What Fanon Said

A Philosophical Introduction to His Life and Thought

August 2015 9781849045506 216pp

Description

Antiblack racism avows reason is white while emotion, and thus supposedly unreason, is black. Challenging academic adherence to this notion, Lewis R. Gordon offers a portrait of Martinican-turned-Algerian revolutionary psychiatrist and philosopher Frantz Fanon as an exemplar of “living thought” against forms of reason marked by colonialism and racism. Working from his own translations of the original French texts, Gordon critically engages everything in Fanon from dialectics, ethics, existentialism, and humanism to philosophical anthropology, phenomenology, and political theory as well as psychiatry and psychoanalysis.

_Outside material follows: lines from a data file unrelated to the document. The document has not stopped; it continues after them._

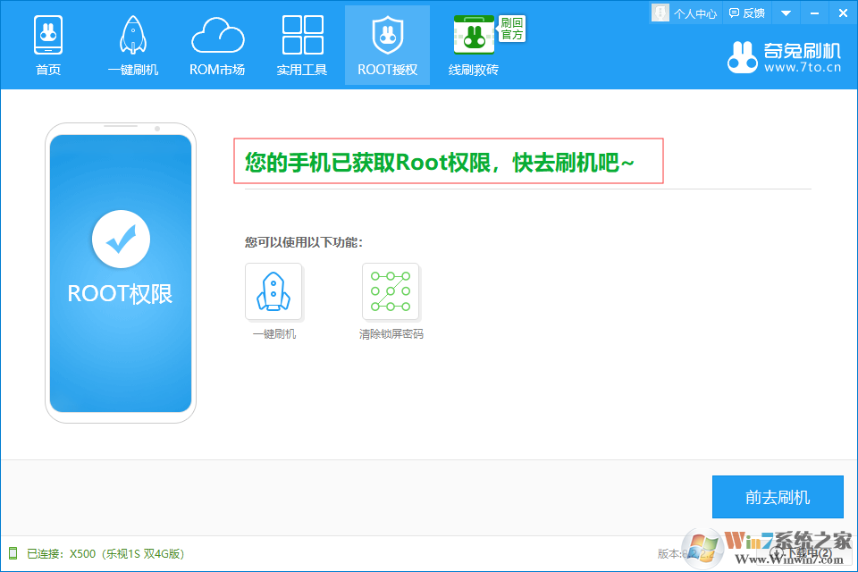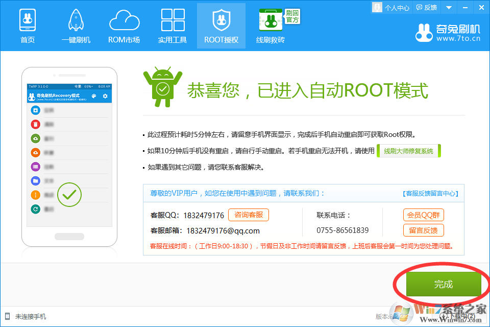 6、當手機重啟后,再次連接奇兔刷機,會看到ROOT授權(quán)提示已變成如下圖所示,則表示root成功。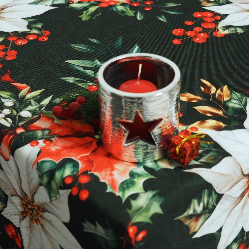 Vánoční ubrusy a běhouny se zeleným motivem vánoční růže. Odolný polyester s vodoodpudivou úpravou, krásné vlnkové okraje a snadná údržba. celý popis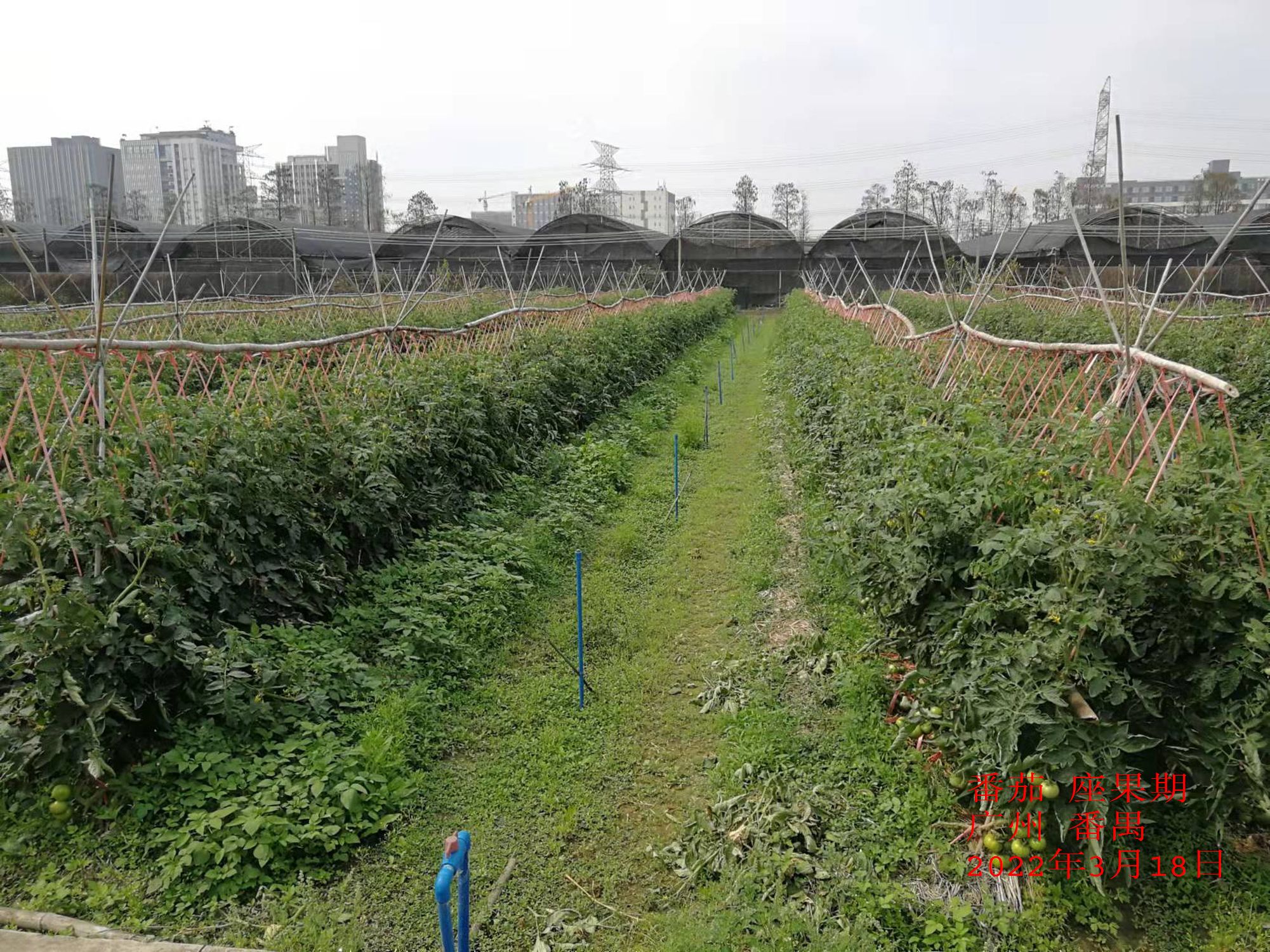 本旬我區(qū)蔬菜類作物生長狀況良好,番茄處于座果期、四季豆處于葉開花期、椰菜處于包心期。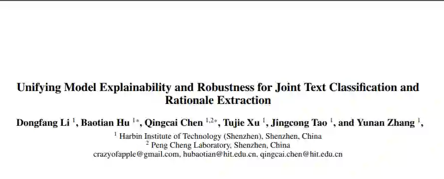 最近的研究表明,可解释性和鲁棒性是可信和可靠文本分类的两个关键因素。然而,以往的研究通常涉及两个方面之一:i)如何在有利于预测的同时提取出可解释性的准确理论;如何使预测模型对不同类型的对抗攻击具有鲁棒性。从直观上看,一个产生有用解释的模型应该在对抗攻击时更加鲁棒,因为我们不能相信输出解释但在小扰动下改变预测的模型。为此,我们提出了一个联合分类和基本原理提取模型AT-BMC。它包括两种关键机制: 混合对抗训练(AT)利用离散空间和嵌入空间中的各种扰动来提高模型的鲁棒性,边界匹配约束(BMC)利用边界信息的引导来更精确地定位理论。在基准数据集上的性能表明,所提出的AT-BMC在分类和基本原理提取方面都大大优于基线。鲁棒性分析表明,所提出的AT-BMC有效地降低了攻击成功率,达到69%。实证结果表明,鲁棒的模型与较好的解释之间存在联系。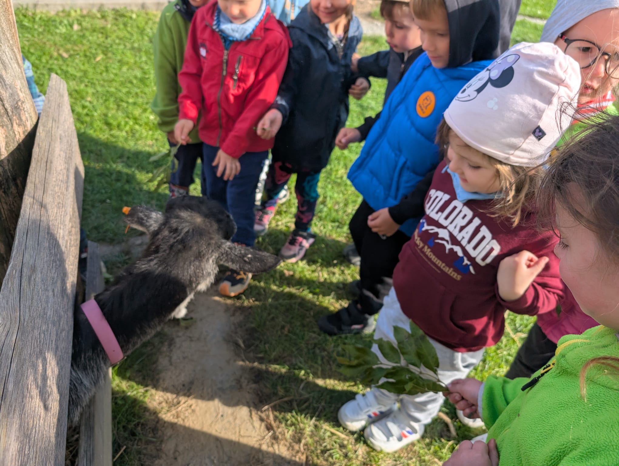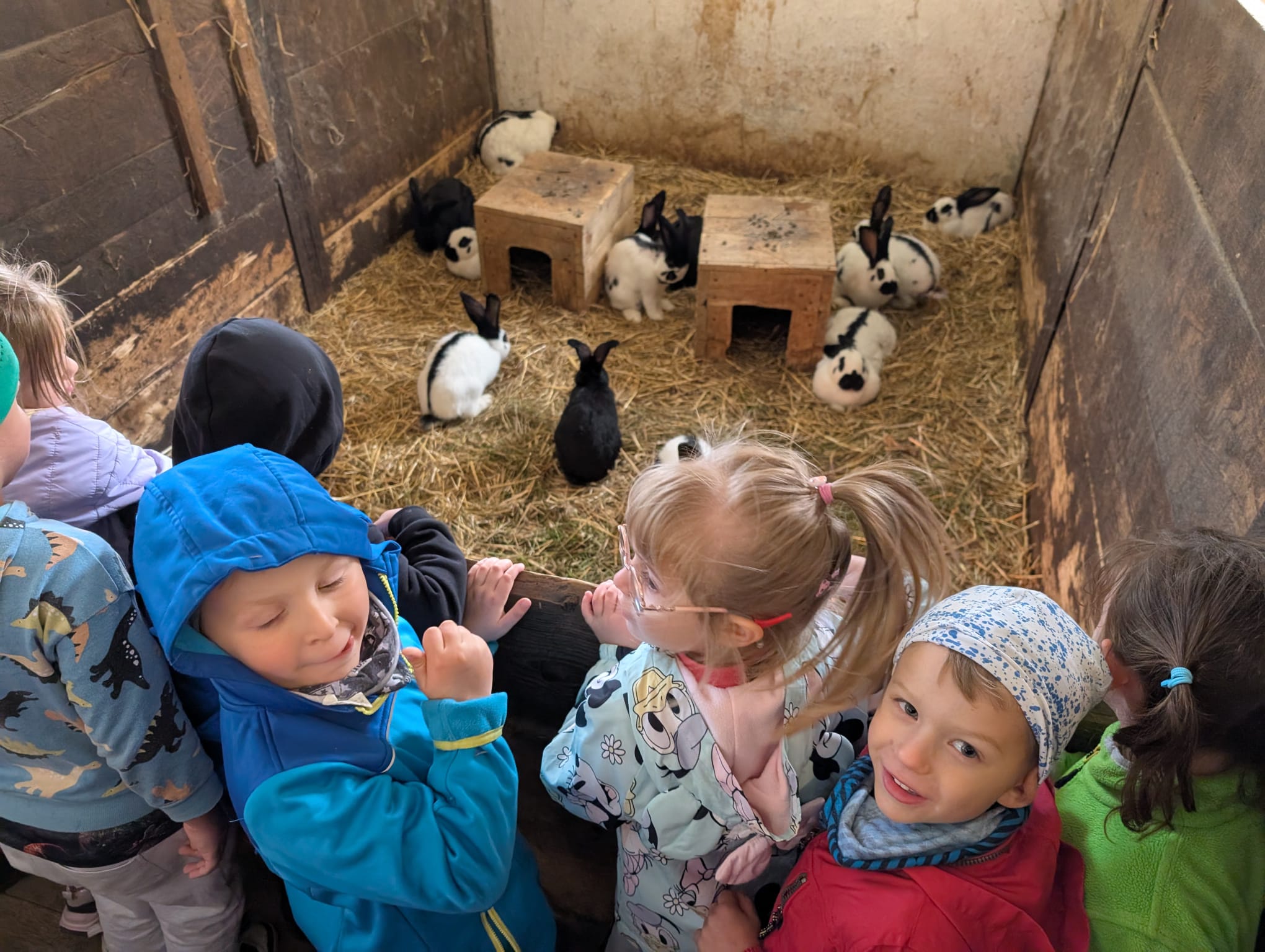 Na zakończenie dzieci odwiedziły zwierzątka w zagrodzie – kozy, konie, owce, kury i króliki. Możliwość bezpośredniego kontaktu ze zwierzętami była dla Żabek źródłem wielu pozytywnych emocji, uczyła troski i wrażliwości wobec przyrody.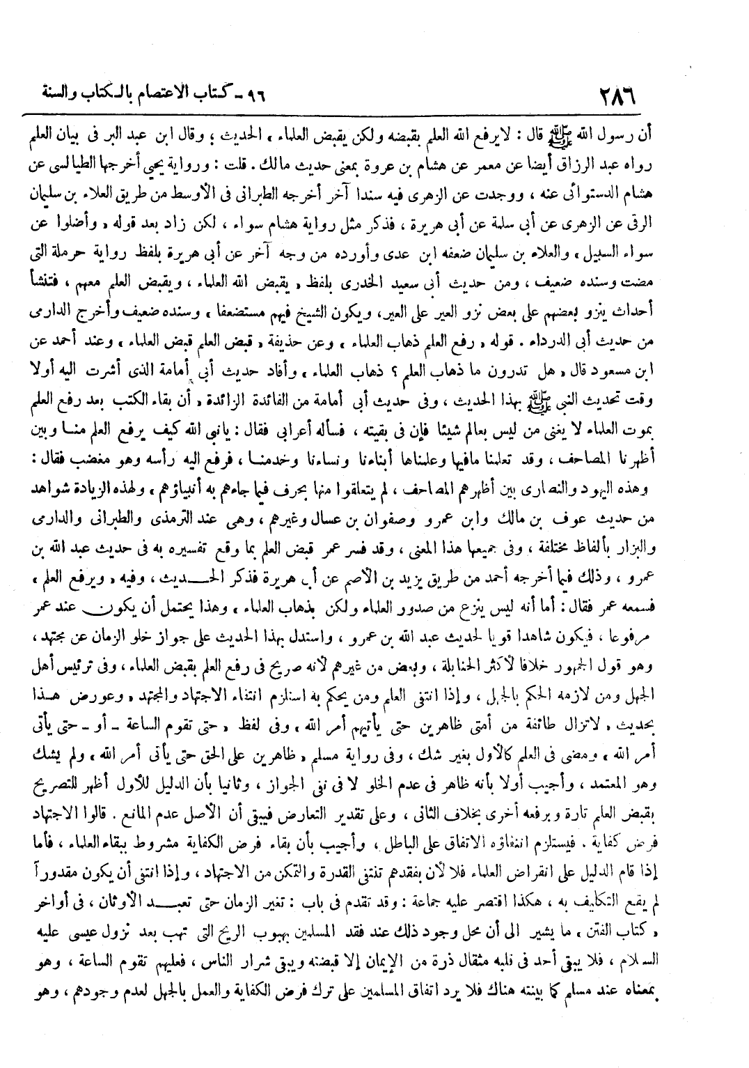 أَنَّ رَسُولَ اللَّهِ صَلَّى اللَّهُ عَلَيْهِ وَسَلَّمَ قَالَ لَا يَرْفَعُ اللَّهُ الْعِلْمَ بِقَبْضِهِ وَلَكِنْ يقبض الْعلمَاء الحَدِيث وَقَالَ بن عَبْدِ الْبَرِّ فِي بَيَانِ الْعِلْمِ رَوَاهُ عَبْدُ الرَّزَّاقِ أَيْضًا عَنْ مَعْمَرٍ عَنْ هِشَامِ بْنِ عُرْوَةَ بِمَعْنَى حَدِيثِ مَالِكٍ قُلْتُ وَرِوَايَةُ يَحْيَى أَخْرَجَهَا الطَّيَالِسِيُّ عَنْ هِشَامٍ الدَّسْتُوَائِيِّ عَنْهُ وَوَجَدْتُ عَنِ الزُّهْرِيِّ فِيهِ سَنَدًا آخَرَ أَخْرَجَهُ الطَّبَرَانِيُّ فِي الْأَوْسَطِ مِنْ طَرِيقِ الْعَلَاءِ بْنِ سُلَيْمَانَ الرَّقِّيِّ عَنِ الزُّهْرِيِّ عَنْ أَبِي سَلَمَةَ عَنْ أَبِي هُرَيْرَةَ فَذَكَرَ مِثْلَ رِوَايَةِ هِشَامٍ سَوَاءً لَكِنْ زَادَ بَعْدَ قَوْلِهِ وَأَضَلُّوا عَنْ سَوَاءِ السَّبِيل والْعَلَاء بن سُلَيْمَان ضعفه بن عَدِيٍّ وَأَوْرَدَهُ مِنْ وَجْهٍ آخَرَ عَنْ أَبِي هُرَيْرَةَ بِلَفْظِ رِوَايَةِ حَرْمَلَةَ الَّتِي مَضَتْ وَسَنَدُهُ ضَعِيفٌ وَمِنْ حَدِيثِ أَبِي سَعِيدٍ الْخُدْرِيِّ بِلَفْظِ يَقْبِضُ اللَّهُ الْعُلَمَاءَ وَيَقْبِضُ الْعِلْمَ مَعَهُمْ فَتَنْشَأُ أَحْدَاثٌ يَنْزُو بَعْضُهُمْ عَلَى بَعْضٍ نَزْوَ الْعِيرِ عَلَى الْعِيرِ وَيَكُونُ الشَّيْخُ فِيهِمْ مُسْتَضْعَفًا وَسَنَدُهُ ضَعِيفٌ وَأَخْرَجَ الدَّارِمِيُّ مِنْ حَدِيثِ أَبِي الدَّرْدَاءِ قَوْلَهُ رَفْعُ الْعِلْمِ ذَهَابُ الْعُلَمَاءِ وَعَنْ حُذَيْفَةَ قَبْضُ الْعِلْمِ قَبْضُ الْعُلَمَاءِ وَعِنْدَ أَحْمَدَ عَنِ بن مَسْعُودٍ قَالَ هَلْ تَدْرُونَ مَا ذَهَابُ الْعِلْمِ ذَهَابُ الْعُلَمَاءِ وَأَفَادَ حَدِيثُ أَبِي أُمَامَةَ الَّذِي أَشَرْتُ إِلَيْهِ أَوَّلًا وَقْتَ تَحْدِيثِ النَّبِيُّ صَلَّى اللَّهُ عَلَيْهِ وَسَلَّمَ بِهَذَا الْحَدِيثِ وَفِي حَدِيثِ أَبِي أُمَامَةَ مِنَ الْفَائِدَةِ الزَّائِدَةِ أَنَّ بَقَاءَ الْكُتُبِ بَعْدَ رَفْعِ الْعِلْمِ بِمَوْتِ الْعُلَمَاءِ لَا يُغْنِي مَنْ لَيْسَ بِعَالِمٍ شَيْئًا فَإِنَّ فِي بَقِيَّتِهِ فَسَأَلَهُ أَعْرَابِيٌّ فَقَالَ يَا نَبِيَّ اللَّهِ كَيْفَ يُرْفَعُ الْعِلْمُ مِنَّا وَبَيْنَ أَظْهُرِنَا الْمَصَاحِفُ وَقَدْ تَعَلَّمْنَا مَا فِيهَا وَعَلَّمْنَاهَا أَبْنَاءَنَا وَنِسَاءَنَا وَخَدَمَنَا فَرَفَعَ إِلَيْهِ رَأْسَهُ وَهُوَ مُغْضَبٌ فَقَالَ وَهَذِهِ الْيَهُودُ وَالنَّصَارَى بَيْنَ أَظْهُرِهِمُ الْمَصَاحِفُ لَمْ يَتَعَلَّقُوا مِنْهَا بِحَرْفٍ فِيمَا جَاءَهُمْ بِهِ أَنْبِيَاؤُهُمْ وَلِهَذِهِ الزِّيَادَةِ شَوَاهِدُ مِنْ حَدِيثِ عَوْفِ بْنِ مَالك وبن عَمْرٍو وَصَفْوَانَ بْنِ عَسَّالٍ وَغَيْرِهِمْ وَهِيَ عِنْدَ التِّرْمِذِيِّ وَالطَّبَرَانِيِّ وَالدَّارِمِيِّ وَالْبَزَّارِ بِأَلْفَاظٍ مُخْتَلِفَةٍ وَفِي جَمِيعِهَا هَذَا الْمَعْنَى وَقَدْ فَسَّرَ عُمَرُ قَبْضَ الْعِلْمِ بِمَا وَقَعَ تَفْسِيرُهُ بِهِ فِي حَدِيثِ عَبْدِ اللَّهِ بْنِ عَمْرٍو وَذَلِكَ فِيمَا أَخْرَجَهُ أَحْمَدُ مِنْ طَرِيقِ يَزِيدَ بْنِ الْأَصَمِّ عَنْ أَبِي هُرَيْرَةَ فَذَكَرَ الْحَدِيثَ وَفِيهِ وَيُرْفَعُ الْعِلْمُ فَسَمِعَهُ عُمَرُ فَقَالَ أَمَا إنَّهُ لَيْسَ يُنْزَعُ مِنْ صُدُورِ الْعُلَمَاءِ وَلَكِنْ بِذَهَابِ الْعُلَمَاءِ وَهَذَا يَحْتَمِلُ أَنْ يَكُونَ عِنْدَ عُمَرَ مَرْفُوعًا فَيَكُونُ شَاهِدًا قَوِيًّا لِحَدِيثِ عَبْدِ اللَّهِ بْنِ عَمْرٍو وَاسْتُدِلَّ بِهَذَا الْحَدِيثِ عَلَى جَوَازِ خُلُوِّ الزَّمَانِ عَنْ مُجْتَهِدٍ وَهُوَ قَوْلُ الْجُمْهُورِ خِلَافًا لِأَكْثَرِ الْحَنَابِلَةِ وَبَعْضٍ منْ غَيْرِهِمْ لِأَنَّهُ صَرِيحٌ فِي رَفْعِ الْعِلْمِ بِقَبْضِ الْعُلَمَاءِ وَفِي تَرْئِيسِ أَهْلِ الْجَهْلِ وَمِنْ لَازِمِهِ الْحُكْمُ بِالْجَهْلِ وَإِذَا انْتَفَى الْعِلْمُ وَمَنْ

Gordon takes into account scholars from across the Global South to address controversies around Fanon’s writings on gender and sexuality as well as political violence and the social underclass. In doing so, he confronts the replication of a colonial and racist geography of reason, allowing theorists from the Global South to emerge as interlocutors alongside northern ones in a move that exemplifies what, Gordon argues, Fanon represented in his plea to establish newer and healthier human relationships beyond colonial paradigms.

Table of contents

Foreword by Sonia Dayan-Herzbrun

Preface
Introduction: On What a Great Thinker Said
1. “I Am from Martinique”
2. Writing through the Zone of Nonbeing
3. Living Experience, Embodying Possibility
4. Revolutionary Therapy
5. Counseling the Damned
Conclusion: Requiem for the Messenger

Afterword by Drucilla Cornell

Reviews

‘Gordon allows us to read Fanon in new and different ways, contextualising his thought in a wide arc of knowledge — from St. Augustine and traditional Akan philosophy to contemporaries such as De Beauvoir, Sartre, and Senghor, to more recent continental philosophers. Along the way, Gordon incorporates relevant debates from contemporary theoretical movements such as critical race theory. What Fanon Said is a provocative and illuminating study.’ — Abdul R. JanMohamed, University of California, Berkeley

‘As a careful and systematic analysis of the major controversies that have surrounded Fanon, this book is a must read. Lewis Gordon delivers on his promise of boldly examining these controversies while providing a spirited defense of many of Fanon’s positions.’ —Paget Henry, Brown University

‘With devotion and probing insight, Gordon illuminates Fanon’s words, spoken on behalf of those whom we do not recognise as beings, whom we do not even see. Fanon’s words and life remain powerfully relevant today.’ — Anjan Sundaram, author of Stringer: A Reporter’s Journey in the Congo

‘The appropriation of Fanon has become, years after his death, a one-dimensional industry of reductive appreciations of his stand for emancipation. What Gordon has done is to explore, restore and add to an understanding of Fanon as a thinker who was revolutionary to be sure, but a thinker who was also a psychologist and a humanist with immense ideals towards the equality of black and white — as someone who was steeped in the philosophic currents of his day, both those of metropolitan Paris and of hitherto marginalised cultures. This is the best work on Fanon since Macey’s intellectual biography, but richer in its range and more profound in its conclusions.’ — Stephen Chan, Professor of International Relations, School of Oriental and African Studies, University of London

‘Gordon has contextualised Fanon’s words in an impressive analysis of his texts in relation to other thinkers and critics.’ — Socialist Review

Author(s)

Lewis R. Gordon is Professor of Philosophy and Africana Studies at the University of Connecticut, Storrs; European Union Visiting Chair in Philosophy at Université Toulouse Jean Jaurès, France; and Nelson Mandela Distinguished Visiting Professor at Rhodes University, South Africa. His books include Existentia Africana; Disciplinary Decadence; An Introduction to Africana Philosophy; and, with Jane Anna Gordon, Of Divine Warning: Reading Disaster in the Modern Age.